Def. Let $T: V \rightarrow V$ be a linear operator, where $V$ is a finite dimensional inner product space over $F$. We call $T$ is normal is $T\circ T^ * = T^ * \circ T$. For $A \in Mat_{n\times n} (F)$, $A$ is normal if $AA^H = A^H A$.

Def. A linear operator $T: V \rightarrow V$ is called self adjoint operator when $T = T^ *$ ($\implies T\circ T^ * = T^ * \circ T$).

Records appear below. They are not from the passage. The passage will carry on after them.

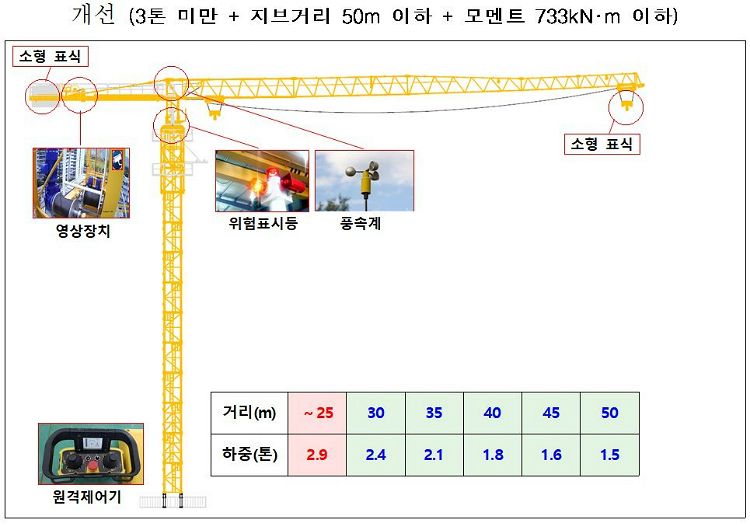 방안은 먼저 소형 타워크레인의 규격과 조종자격을 개선했다. 그동안 소형 타워크레인은 '3톤 미만'의 인양톤수 기준으로만 분류해왔지만, 국제기준과 해외사례 등을 참고해 지브 길이와 여기에 연동한 모멘트 기준이 도입된다.
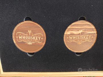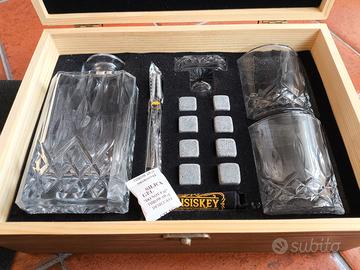 Questo set da whisky per 2 persone, prodotto da Whisiskey, è contenuto in una bella scatola di legno; al suo interno troviamo una caraffa con il tappo, 2 bicchieri con 2 sottobicchieri, 8 pietre refrigeranti e una pinzetta per poterli posizionare nei 2 bicchieri. Il set è nuovo, non è stato mai utilizzato ed è un'ottima idea per fare un regalo.
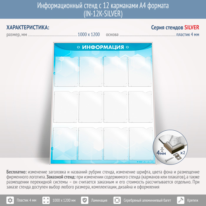 Информационный стенд с 12 карманами А4 формата (IN-12K-SILVER) в Видном купить
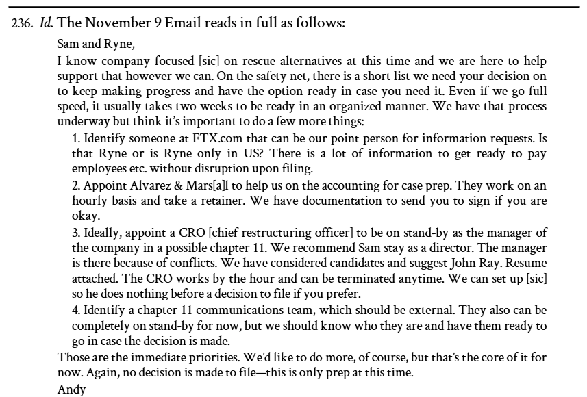 Two days ahead of FTX’s bankruptcy filing on Nov. 9, S&C attorney Andrew Dietderich emailed Bankman-Fried with a plan proposing to hire Ray as a chief restructuring officer “in a possible Chapter 11.”
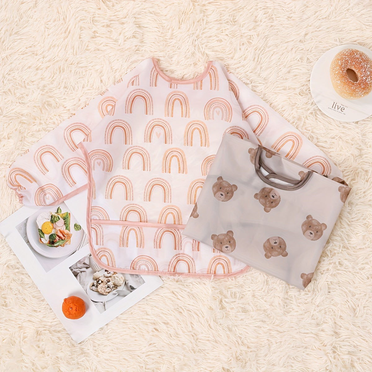 Водонепроницаемые бибы с длинными рукавами для детей от 0 до 3 лет, легко чистятся и не требуют стирки.
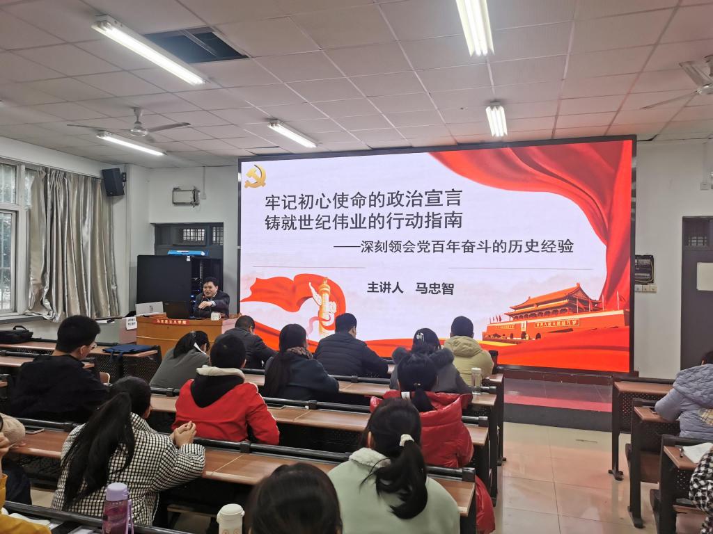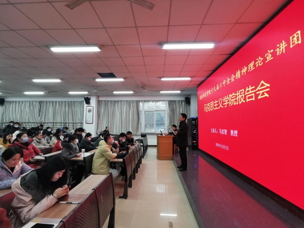 主持人还对到场师生提出了几点希望:希望员工能从报告,特别是报告阐释的建党百年来的重大成就中体会“四个自信”的合理性;希望学院教师,特别是思政课教师向马忠智老师学习,积极、深入研究十九届六中全会精神,在教研室或课程团队的指导下将全会精神融入课程教学;希望学院管理教师从报告阐释的建党百年来的历史经验中吸取营养,积极改进、努力做好自身的管理、服务工作;希望各课程团队,特别是思政课教研室制定或完善全会精神进课堂指导意见或具体方案,低成本、高效率地落实学院全会精神进课堂要求。
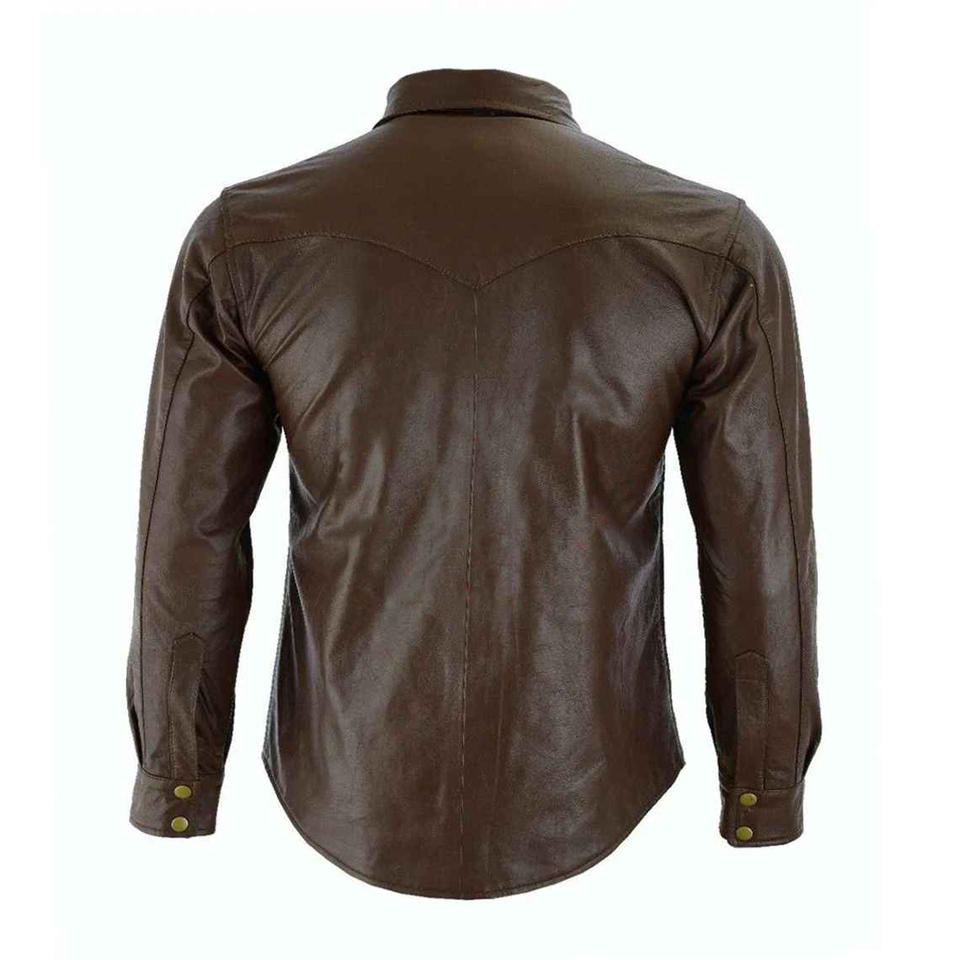 OEM Wholesale Long Sleeve Genuine Leather Men Brown Classic Style Long Sleeves Shirt Customized Design.

Def. For $A \in Mat_{n \times n}(\mathbb{C})$, $A$ is called unitary matrix if $AA^H = A^H A = I_n$.
For $A \in Mat_{n \times n}(\mathbb{R})$, $A$ is called orthogonal matrix if $AA^\top = A^\top A = I_n$.

## Propositions

$\text{Let } T: V \rightarrow V \text{ be normal. Then, following holds:} \nonumber$
1. $\Vert T(x) \Vert = \Vert T^ *(x) \Vert, \forall x \in V.$
2. If $T(v) = \lambda v$, then $T^ *(v) = \bar{\lambda} v$.
3. If eigenvalues $\lambda_1 \ne \lambda_2$ and $T(v_1) = \lambda_1 v_1, T(v_2) = \lambda_2 v_2,$ then $\langle v_1, v_2 \rangle =0 \Leftrightarrow v_1 \perp v_2.$
4. $\forall c \in F,$ $T-c Id$ is normal.

### Proof

1. $\forall x \in V, \Vert T(x) \Vert^2 = \langle T(x), T(x) \rangle =\langle x, T^ * (T(x)) \rangle \stackrel{normal}{=} \langle x, T(T^ *(x)) \rangle = \langle T^ * (x), T^ * (x) \rangle = \Vert T^ * (x) \Vert^2.$

2. $\Vert T^ * (v) - \bar{\lambda} v \Vert = \Vert (T^ * - \bar{\lambda}Id)(v) \Vert = \Vert (T - \lambda Id)^ * (v) \Vert \stackrel{1}{=} \Vert (T - \lambda Id) (v) \Vert \stackrel{eigen \lambda}{=} 0$, i.e, $\bar{\lambda}$ is eigenvalue of $T^ *$.
3. $\lambda_1 \langle v_1, v_2 \rangle = \langle \lambda_1 v_1, v_2 \rangle = \langle T( v_1), v_2 \rangle \stackrel{adjoint}{=} \langle v_1, T^ * (v_2) \rangle \stackrel{2}{=} \langle v_1, \bar{\lambda_2} (v_2) \rangle = \lambda_2 \langle v_1, v_2 \rangle$. Therefore, $(\lambda_1 - \lambda_2) \langle v_1, v_2 \rangle = 0$. Since $\lambda_1 \ne \lambda_2$, $\langle v_1, v_2 \rangle = 0$.
4. $(T - c Id) \circ (T^ * - \bar{c}Id) = T\circ T^ * - c T^ * - \bar{c} T + c \bar{c} Id = T\circ T^ * - c T^ * - \bar{c} T + c \bar{c} Id$. And $(T^ * - \bar{c}Id) \circ (T - c Id) = T^ * \circ T - c T^ * - \bar{c} T + c \bar{c} Id$. Since $T$ is normal, $T-c Id$ is normal.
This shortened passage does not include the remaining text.